Friday 18 May 2007

A lifetime of photography with no images?

With the onslaught of digital capture and its inherent storage problems, a thought recently crossed my mind that may be a look into the future of our industry. More and more today I hear of the horrors of trying to file digital images and of the growing trend towards photography and especially digital photography becoming a disposable commodity. Lately, in discussions with a member of the art department of a major retailer, the subject of image storage came up and the response from the client staggered me. Their position was that as long as the edited image was available to them until after the ad had run, they could care less about it after that! Since they would have hard copies of the completed ad for reference and since the shot was never likely to be reused, they had no interest in it being archived. This attitude was not only directed towards their advertisements, but also towards all of their POP and catalogue images. Now if one looks to other outlets, this idea holds true almost across the board. Almost any type of reproduced image is disposable as far as the client is concerned. Once it is printed/published, they have a permanent record and generally speaking, no further use for the image itself.
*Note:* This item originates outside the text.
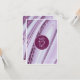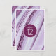 This wedding design set, with it's abstract pattern of flowing ripples and veins of glittering plum, brings to mind eye-catching rock formations and sparkling gems. The striking colour palette in shades from lilac and lavender to soft periwinkle adds to the appeal. The coordinating table number card shown here has all the above with a dark plum label to hold your table numbers. Easily add your names, numbers and wedding date using the provided template. Search ID903 to see other colour choices and coordinating pieces for this unique wedding collection.

If you consider various market trends outside of photography, the move is towards a disposable product. For example, milk has not been delivered in glass containers for decades; even the one gallon/4litre plastic jugs are a thing of the past. More and more, packaging is intended to be disposed of after use and that packaging is becoming more and more utilitarian in many cases. Throughout our society, products are more often than not intended to have a very limited lifespan. From the automobiles we drive to the homes we live in things are not intended to last forever any longer. When I started in photography in the 1960’s, a photographer’s life’s work was always treated as if it would supercede their tenure on this earth. Hence, from wedding photographers to leading photojournalists and social documentarians, their collective work was stored and managed for posterity. Is this still the case today? If as appears to be the attitude of at least some buyers, the images have no use after printing and if the current trend towards WFH continues to grow, why is storage even a concern? Stock photographers may be an exception, but beyond them, is there really any need to store images beyond say 12 months and if you do, is there any need to store anything beyond a few “finished “ images from any particular shoot? Are we becoming a profession without any tangible record of our efforts beyond what has been reproduced?
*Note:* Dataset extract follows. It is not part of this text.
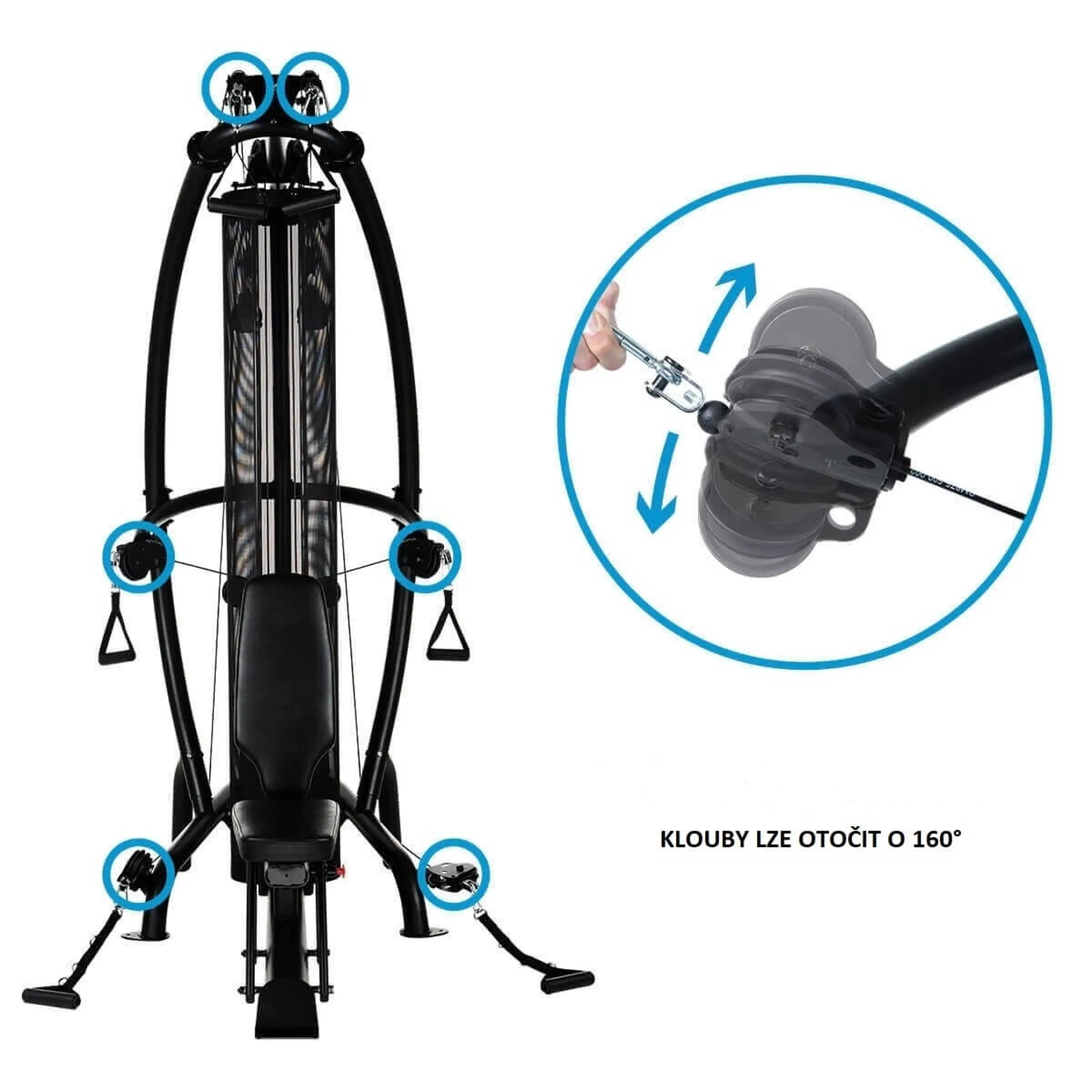 Cvičenie na kladkovom systéme má znateľný pozitívny vplyv na kĺbový aparát, ktorý nie je zďaleka tak namáhavý na vaše kĺby, ako pri klasickom silovom tréningu s činkami a zaručuje tak veľmi kvalitný a účinný tréning.

Personally, I still shoot only film and actually enjoy working in conventional darkrooms. However, I am definitely an exception and a very small market for producers, hence the exodus from the manufacture of traditional photographic products, by almost all of the major manufacturers. Am I and those like me, going to be the last photographers to leave behind a legacy, in the form of actual images and prints, documenting their time in this life and profession? Is this great debate over hard drives vs. DVD storage, merely a stage in the transition to the disposable image? Is it possible that as future generations of photographers emerge, the concept of documenting a life in photography with their images will be a foreign one? We know that film, properly stored and prints properly processed will last at least 100 years. To date, digital images appear to last only as long as your storage medium. If the hard drive crashes, so does your image collection and perhaps you will be able to recover it. Does this therefore, become a selling point for not bothering to store images beyond their immediate use? As buyers continue to stress that the image is inconsequential beyond the end use and continue to push towards ownership of all commissioned works, it becomes more and more sensible to them that the image need not be available forever. Also, as this attitude becomes more prevalent, buyers will see the advantages of not using high cost professional image makers for any of their every day needs. The retailer I mentioned earlier in this piece, no longer uses professionals for their web or catalogue images. They hired a local retailer to set up a simple studio and purchased a mid range digital SLR and the lighting needed to shoot their own material. Now an art department employee does all that shooting and if it doesn’t turn out, they simply erase and shoot again. The learning curve is not that steep and even a blind squirrel will find a nut.

I for one do not want to see a world where few if any photographers preserve their work, even the most mundane work, but I wonder if that is where we are headed nevertheless? Is there a place for archiving ones life’s work in this increasingly disposable world? I wonder.